__Directions for this task__. Make an exact copy of the entries below with the pictures removed.

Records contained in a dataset
+++++

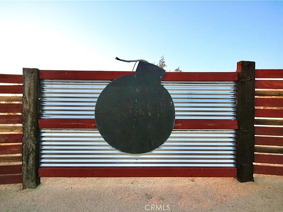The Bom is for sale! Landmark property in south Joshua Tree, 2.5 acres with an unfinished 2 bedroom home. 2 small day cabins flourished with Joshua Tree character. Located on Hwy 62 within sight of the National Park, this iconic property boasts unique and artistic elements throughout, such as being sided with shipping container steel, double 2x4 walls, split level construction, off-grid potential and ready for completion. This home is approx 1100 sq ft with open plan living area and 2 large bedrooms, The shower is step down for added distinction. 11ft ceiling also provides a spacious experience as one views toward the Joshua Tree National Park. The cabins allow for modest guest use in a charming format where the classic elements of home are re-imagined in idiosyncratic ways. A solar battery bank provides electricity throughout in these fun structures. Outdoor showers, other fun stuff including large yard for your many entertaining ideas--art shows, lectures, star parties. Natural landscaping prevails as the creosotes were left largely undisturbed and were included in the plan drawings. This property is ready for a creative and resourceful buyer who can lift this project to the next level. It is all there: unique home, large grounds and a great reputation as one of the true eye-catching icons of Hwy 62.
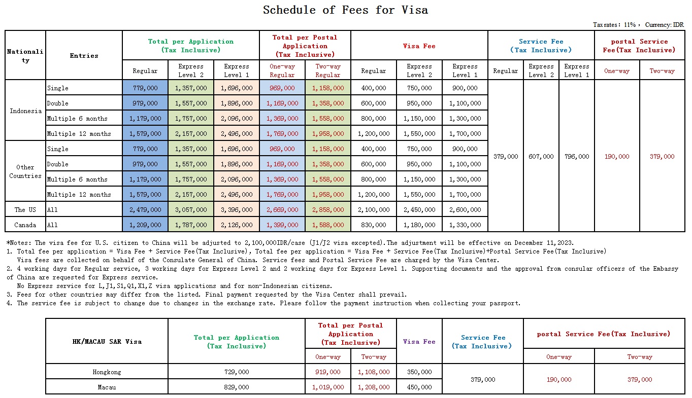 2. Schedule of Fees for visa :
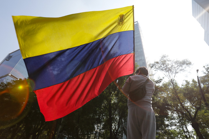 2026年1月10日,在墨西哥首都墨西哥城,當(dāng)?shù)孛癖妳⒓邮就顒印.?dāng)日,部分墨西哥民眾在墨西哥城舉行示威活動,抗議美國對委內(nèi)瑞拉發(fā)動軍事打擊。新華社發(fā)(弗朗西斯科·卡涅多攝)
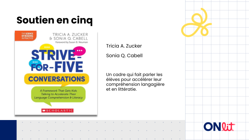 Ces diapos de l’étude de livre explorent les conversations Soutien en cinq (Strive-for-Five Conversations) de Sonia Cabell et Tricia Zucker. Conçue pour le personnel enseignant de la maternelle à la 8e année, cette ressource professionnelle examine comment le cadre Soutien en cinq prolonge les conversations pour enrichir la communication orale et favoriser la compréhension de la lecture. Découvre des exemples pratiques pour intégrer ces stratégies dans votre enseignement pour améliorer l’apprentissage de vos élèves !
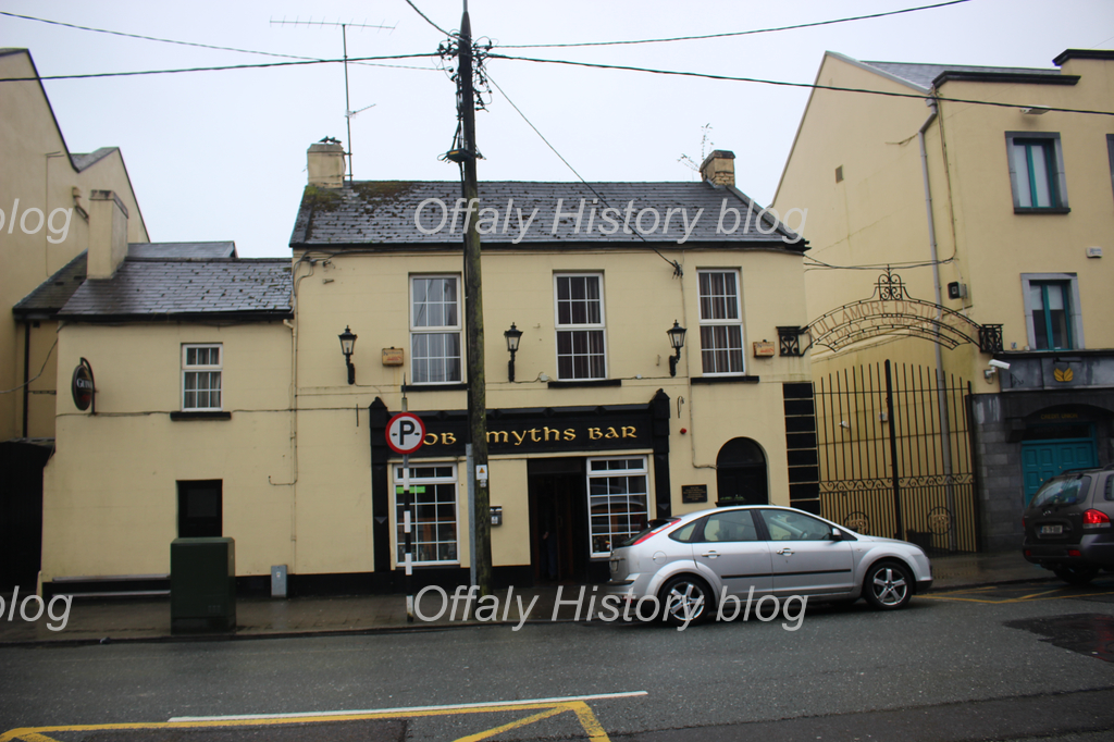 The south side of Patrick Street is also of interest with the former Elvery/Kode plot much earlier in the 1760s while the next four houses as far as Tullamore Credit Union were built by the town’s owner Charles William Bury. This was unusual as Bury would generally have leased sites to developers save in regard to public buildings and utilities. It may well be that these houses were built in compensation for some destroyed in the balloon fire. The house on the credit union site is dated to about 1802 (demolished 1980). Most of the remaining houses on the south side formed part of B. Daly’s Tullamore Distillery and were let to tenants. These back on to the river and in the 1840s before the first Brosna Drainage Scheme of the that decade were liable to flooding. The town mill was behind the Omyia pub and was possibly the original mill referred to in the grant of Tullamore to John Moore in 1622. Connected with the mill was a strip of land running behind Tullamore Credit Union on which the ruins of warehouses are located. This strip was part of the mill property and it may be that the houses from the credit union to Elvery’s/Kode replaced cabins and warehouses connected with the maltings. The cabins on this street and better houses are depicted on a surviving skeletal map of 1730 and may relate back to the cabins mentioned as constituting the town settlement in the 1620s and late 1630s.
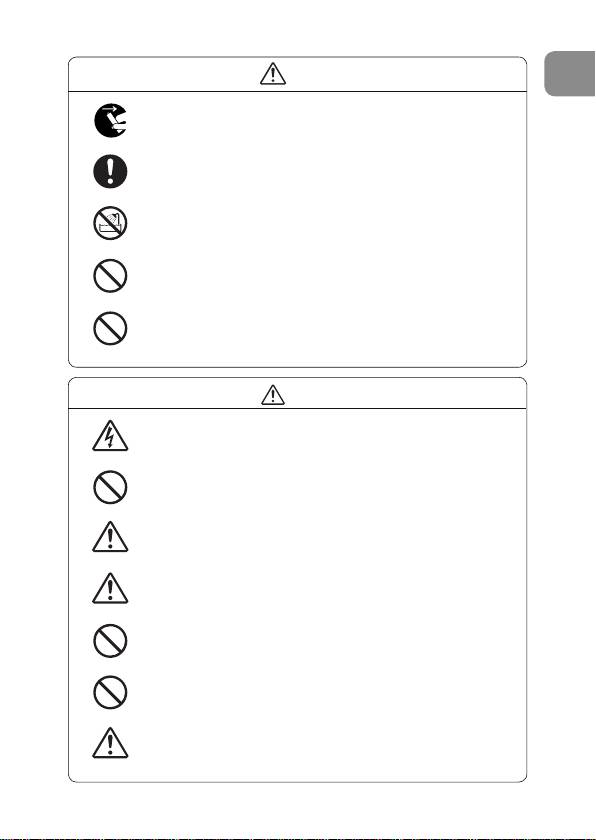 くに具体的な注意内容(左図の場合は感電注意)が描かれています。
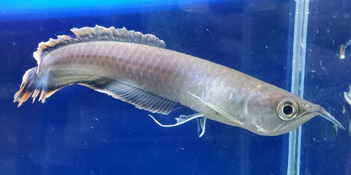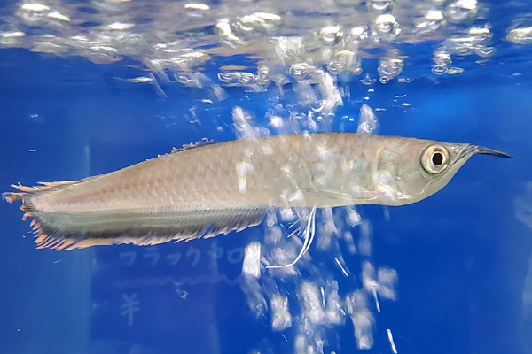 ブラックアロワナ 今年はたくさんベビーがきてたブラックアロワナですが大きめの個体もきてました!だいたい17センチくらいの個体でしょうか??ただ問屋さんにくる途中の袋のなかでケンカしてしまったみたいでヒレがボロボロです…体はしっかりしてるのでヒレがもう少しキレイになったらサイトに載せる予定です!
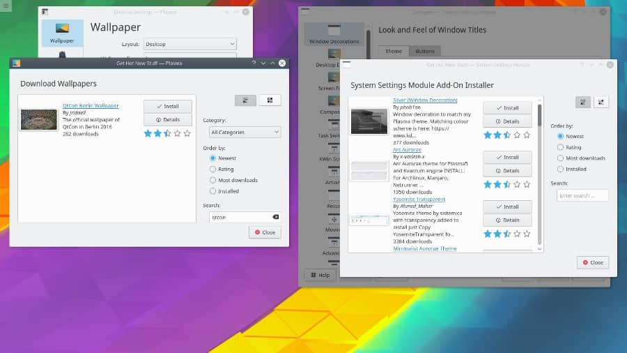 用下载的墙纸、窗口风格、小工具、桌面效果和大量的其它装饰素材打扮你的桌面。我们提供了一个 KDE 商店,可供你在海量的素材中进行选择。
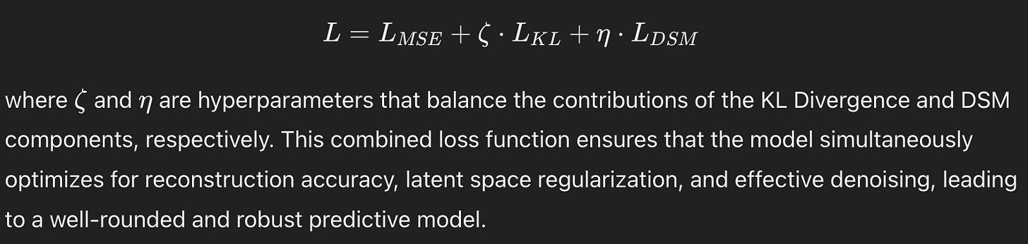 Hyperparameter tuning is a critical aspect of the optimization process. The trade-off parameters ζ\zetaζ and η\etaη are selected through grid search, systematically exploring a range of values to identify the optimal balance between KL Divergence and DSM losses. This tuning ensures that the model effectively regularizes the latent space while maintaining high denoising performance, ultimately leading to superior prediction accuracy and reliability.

+++++

__Written answer__.
The Bom is for sale! Landmark property in south Joshua Tree, 2.5 acres with an unfinished 2 bedroom home. 2 small day cabins flourished with Joshua Tree character. Located on Hwy 62 within sight of the National Park, this iconic property boasts unique and artistic elements throughout, such as being sided with shipping container steel, double 2x4 walls, split level construction, off-grid potential and ready for completion. This home is approx 1100 sq ft with open plan living area and 2 large bedrooms, The shower is step down for added distinction. 11ft ceiling also provides a spacious experience as one views toward the Joshua Tree National Park. The cabins allow for modest guest use in a charming format where the classic elements of home are re-imagined in idiosyncratic ways. A solar battery bank provides electricity throughout in these fun structures. Outdoor showers, other fun stuff including large yard for your many entertaining ideas--art shows, lectures, star parties. Natural landscaping prevails as the creosotes were left largely undisturbed and were included in the plan drawings. This property is ready for a creative and resourceful buyer who can lift this project to the next level. It is all there: unique home, large grounds and a great reputation as one of the true eye-catching icons of Hwy 62.
 2. Schedule of Fees for visa :
 2026年1月10日,在墨西哥首都墨西哥城,當(dāng)?shù)孛癖妳⒓邮就顒印.?dāng)日,部分墨西哥民眾在墨西哥城舉行示威活動,抗議美國對委內(nèi)瑞拉發(fā)動軍事打擊。新華社發(fā)(弗朗西斯科·卡涅多攝)
 Ces diapos de l’étude de livre explorent les conversations Soutien en cinq (Strive-for-Five Conversations) de Sonia Cabell et Tricia Zucker. Conçue pour le personnel enseignant de la maternelle à la 8e année, cette ressource professionnelle examine comment le cadre Soutien en cinq prolonge les conversations pour enrichir la communication orale et favoriser la compréhension de la lecture. Découvre des exemples pratiques pour intégrer ces stratégies dans votre enseignement pour améliorer l’apprentissage de vos élèves !
 The south side of Patrick Street is also of interest with the former Elvery/Kode plot much earlier in the 1760s while the next four houses as far as Tullamore Credit Union were built by the town’s owner Charles William Bury. This was unusual as Bury would generally have leased sites to developers save in regard to public buildings and utilities. It may well be that these houses were built in compensation for some destroyed in the balloon fire. The house on the credit union site is dated to about 1802 (demolished 1980). Most of the remaining houses on the south side formed part of B. Daly’s Tullamore Distillery and were let to tenants. These back on to the river and in the 1840s before the first Brosna Drainage Scheme of the that decade were liable to flooding. The town mill was behind the Omyia pub and was possibly the original mill referred to in the grant of Tullamore to John Moore in 1622. Connected with the mill was a strip of land running behind Tullamore Credit Union on which the ruins of warehouses are located. This strip was part of the mill property and it may be that the houses from the credit union to Elvery’s/Kode replaced cabins and warehouses connected with the maltings. The cabins on this street and better houses are depicted on a surviving skeletal map of 1730 and may relate back to the cabins mentioned as constituting the town settlement in the 1620s and late 1630s.
 くに具体的な注意内容(左図の場合は感電注意)が描かれています。
 ブラックアロワナ 今年はたくさんベビーがきてたブラックアロワナですが大きめの個体もきてました!だいたい17センチくらいの個体でしょうか??ただ問屋さんにくる途中の袋のなかでケンカしてしまったみたいでヒレがボロボロです…体はしっかりしてるのでヒレがもう少しキレイになったらサイトに載せる予定です!
 用下载的墙纸、窗口风格、小工具、桌面效果和大量的其它装饰素材打扮你的桌面。我们提供了一个 KDE 商店,可供你在海量的素材中进行选择。
 Hyperparameter tuning is a critical aspect of the optimization process. The trade-off parameters ζ\zetaζ and η\etaη are selected through grid search, systematically exploring a range of values to identify the optimal balance between KL Divergence and DSM losses. This tuning ensures that the model effectively regularizes the latent space while maintaining high denoising performance, ultimately leading to superior prediction accuracy and reliability.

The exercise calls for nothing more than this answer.